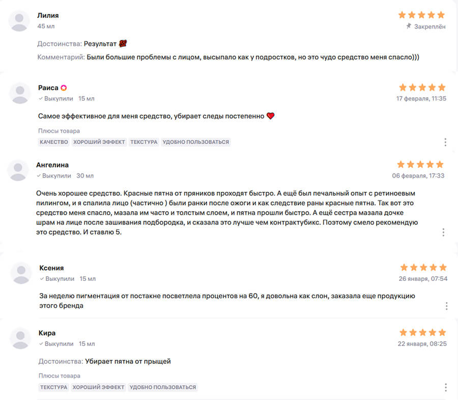 - ускорению исчезновению следов - красных пятен после прыщей
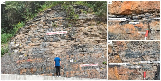 The study area is located in the village of Shiziping, 15 km north of Jianshi County. The fibrous veins of the Dalong Formation occur at the boundary between the top of the lower member and the upper marl. They display widths ranging from 0.5 to 4 cm and can extend over 10 m in length. These veins are uniformly distributed along the bedding planes within the outcrop, exhibiting a spacing of 10 to 30 cm. The host rocks primarily consist of carbonaceous mudstone, siliceous mudstone, and carbonaceous calcareous mudstone (Figure 2a). Although the stratigraphic dip of the section is generally gentle, instances of local bedding-parallel sliding and vein folding have been observed. Multiple layers of fibrous calcite veins were sampled for analysis (Figure 2a–c).
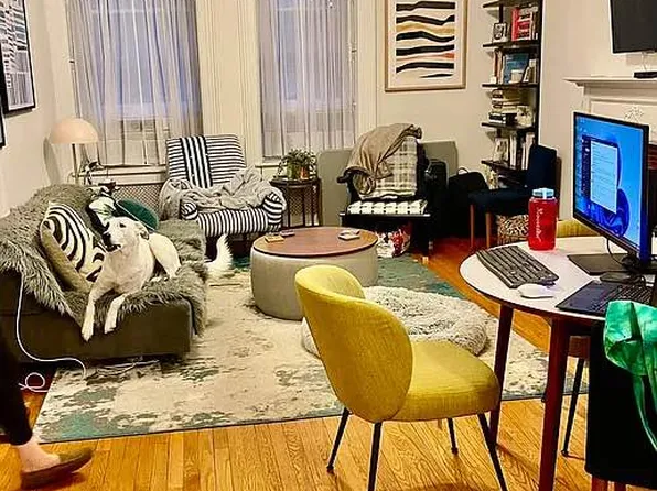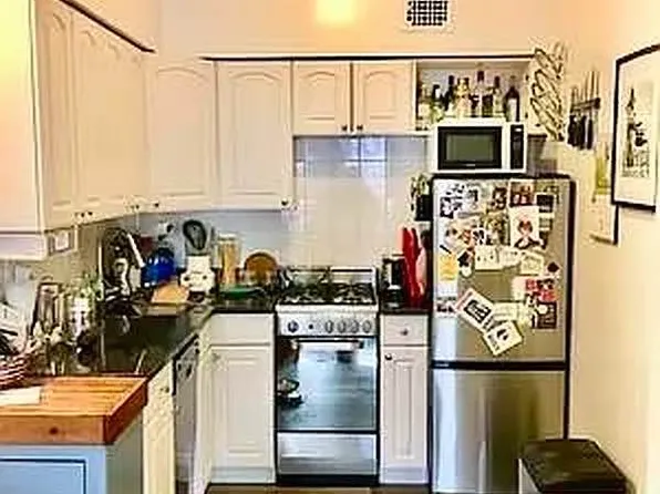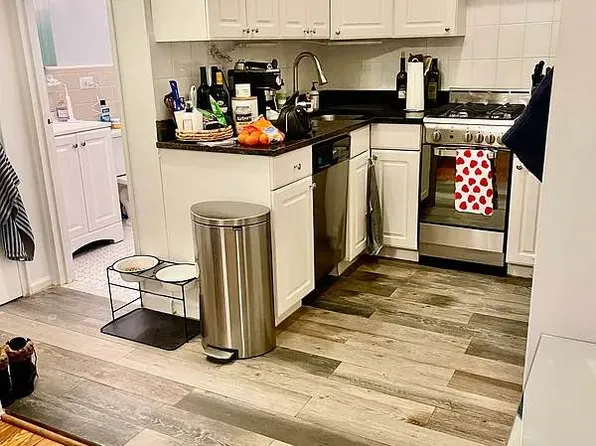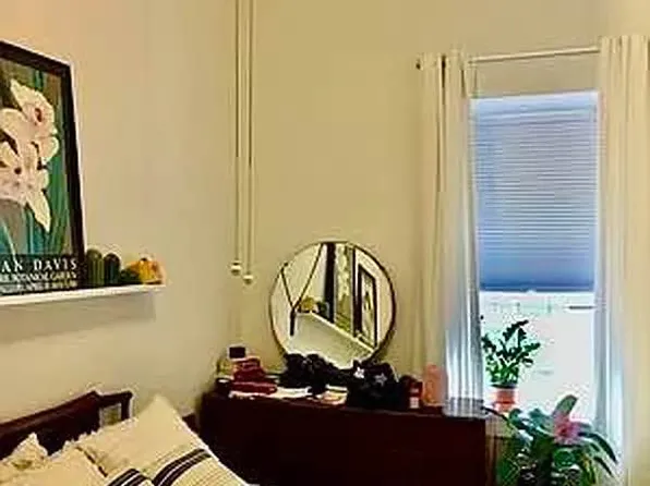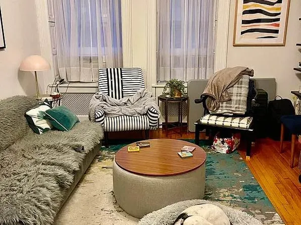 Living room is nicely sized with two large windows that get a lot of light. Kitchen has an island that is open to the living room. Large bedroom. The bedroom window faces the interior shaft of the building. If you need a dark room to sleep in it’s perfect.
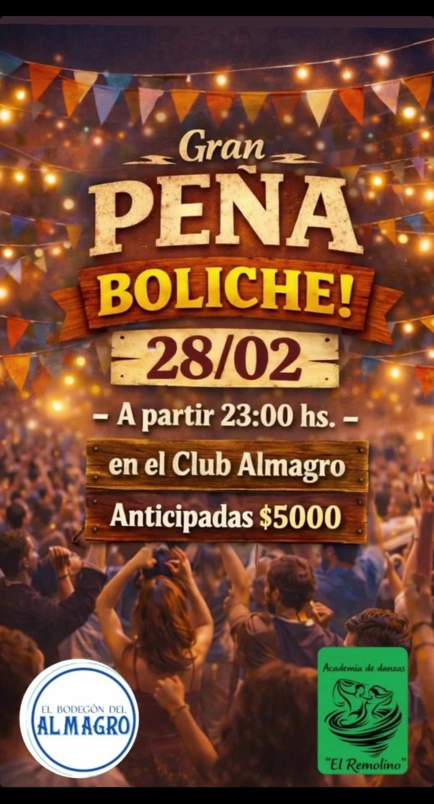 Se hará una "Peña boliche", a cargo de la academia de danzas El Remolino. Club Almagro (Santiago del Estero 567) |
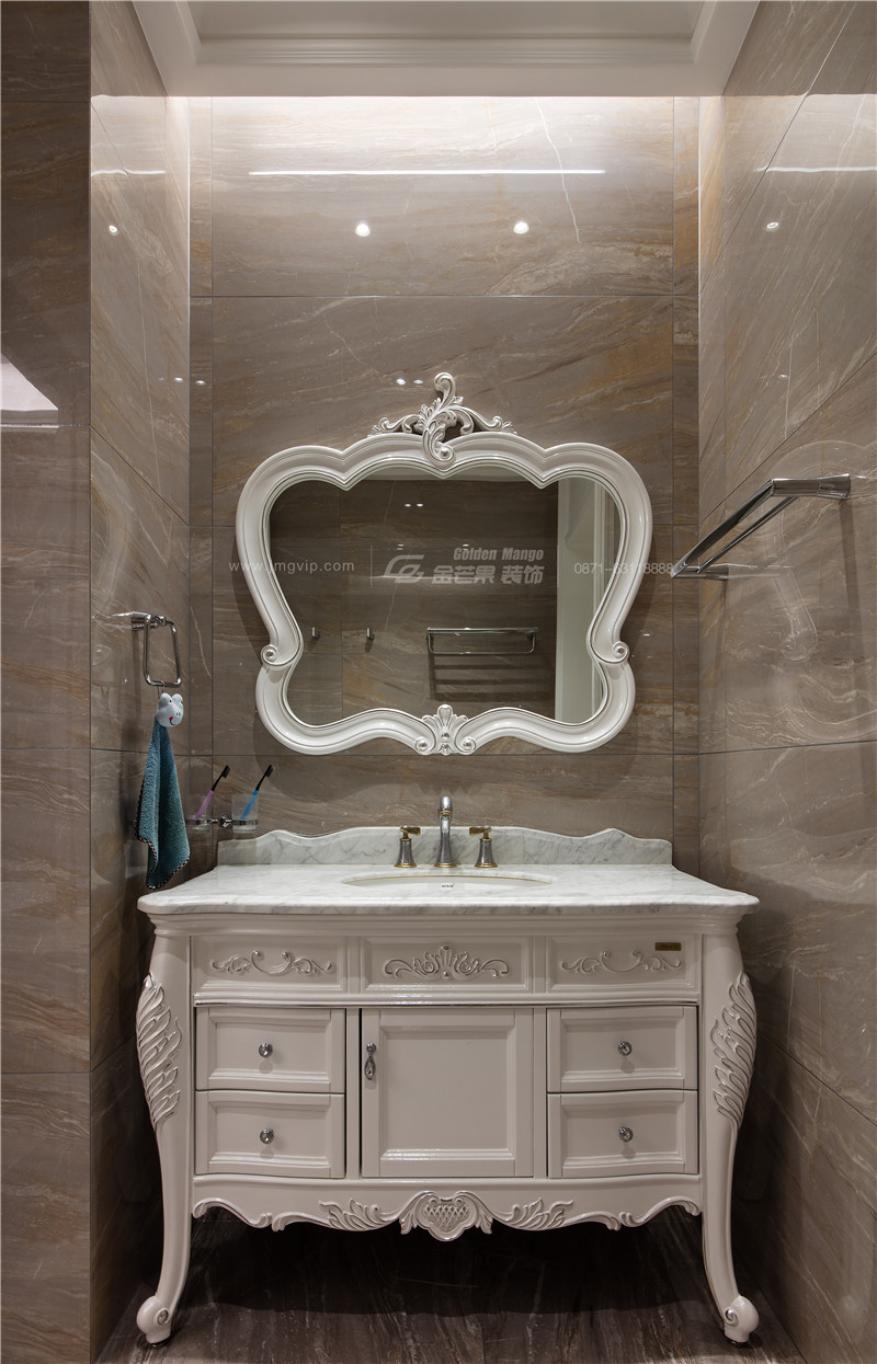 白色家具既典雅,又容易營造大氣、高潔的感覺,運用白色柜體和臺盆,加上雕花的設計,讓入浴晉升為一種奢華的享受。
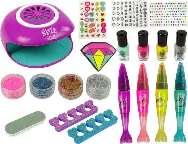 .Po izenačitvi dolžine in oblike nohtov z diamantno pilico nanesite na nohte izbrano barvo. Naslednji korak je, da roko vstavite v posebno lučko za nohte. Po vstavitvi roke se prižge luč, kot pri pravem pripomočku. Peresa omogočajo natančno risanje vzorcev in so na voljo v dveh barvah. Z risanjem vzorcev deklica razvija natančnost in ustvarja svoj slog. Nalepke, diamanti in bleščice dodajo izvirnost in lesk.
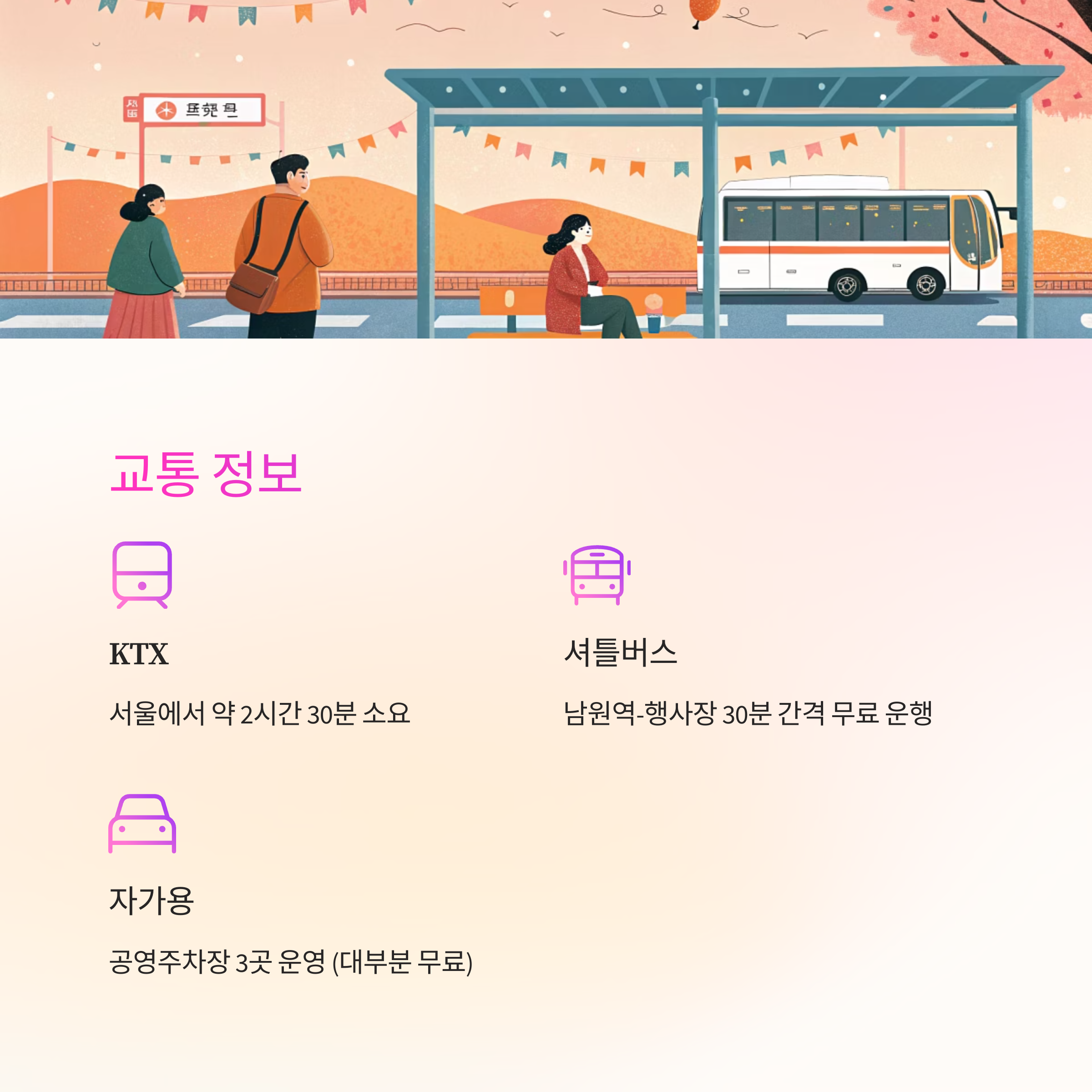 행사기간 중에는 남원역과 행사장 사이를 오가는 무료 셔틀버스가 30분 간격으로 운행돼요. 셔틀버스는 남원역 앞 버스 승강장에서 탈 수 있고, 요천변과 광한루원 인근 행사장 주요 지점에 하차할 수 있어요. 이동 동선이 길지 않아서 걸어서도 금방 도착할 수 있답니다.
■ ■ ■ ■ ■
Every line from the one that contains "白色家具既典雅,又容易營造大" through the end of the records above is to be reproduced exactly; no picture goes in the copy.

**RESULT OF THIS EXERCISE**:
 白色家具既典雅,又容易營造大氣、高潔的感覺,運用白色柜體和臺盆,加上雕花的設計,讓入浴晉升為一種奢華的享受。
 .Po izenačitvi dolžine in oblike nohtov z diamantno pilico nanesite na nohte izbrano barvo. Naslednji korak je, da roko vstavite v posebno lučko za nohte. Po vstavitvi roke se prižge luč, kot pri pravem pripomočku. Peresa omogočajo natančno risanje vzorcev in so na voljo v dveh barvah. Z risanjem vzorcev deklica razvija natančnost in ustvarja svoj slog. Nalepke, diamanti in bleščice dodajo izvirnost in lesk.
 행사기간 중에는 남원역과 행사장 사이를 오가는 무료 셔틀버스가 30분 간격으로 운행돼요. 셔틀버스는 남원역 앞 버스 승강장에서 탈 수 있고, 요천변과 광한루원 인근 행사장 주요 지점에 하차할 수 있어요. 이동 동선이 길지 않아서 걸어서도 금방 도착할 수 있답니다.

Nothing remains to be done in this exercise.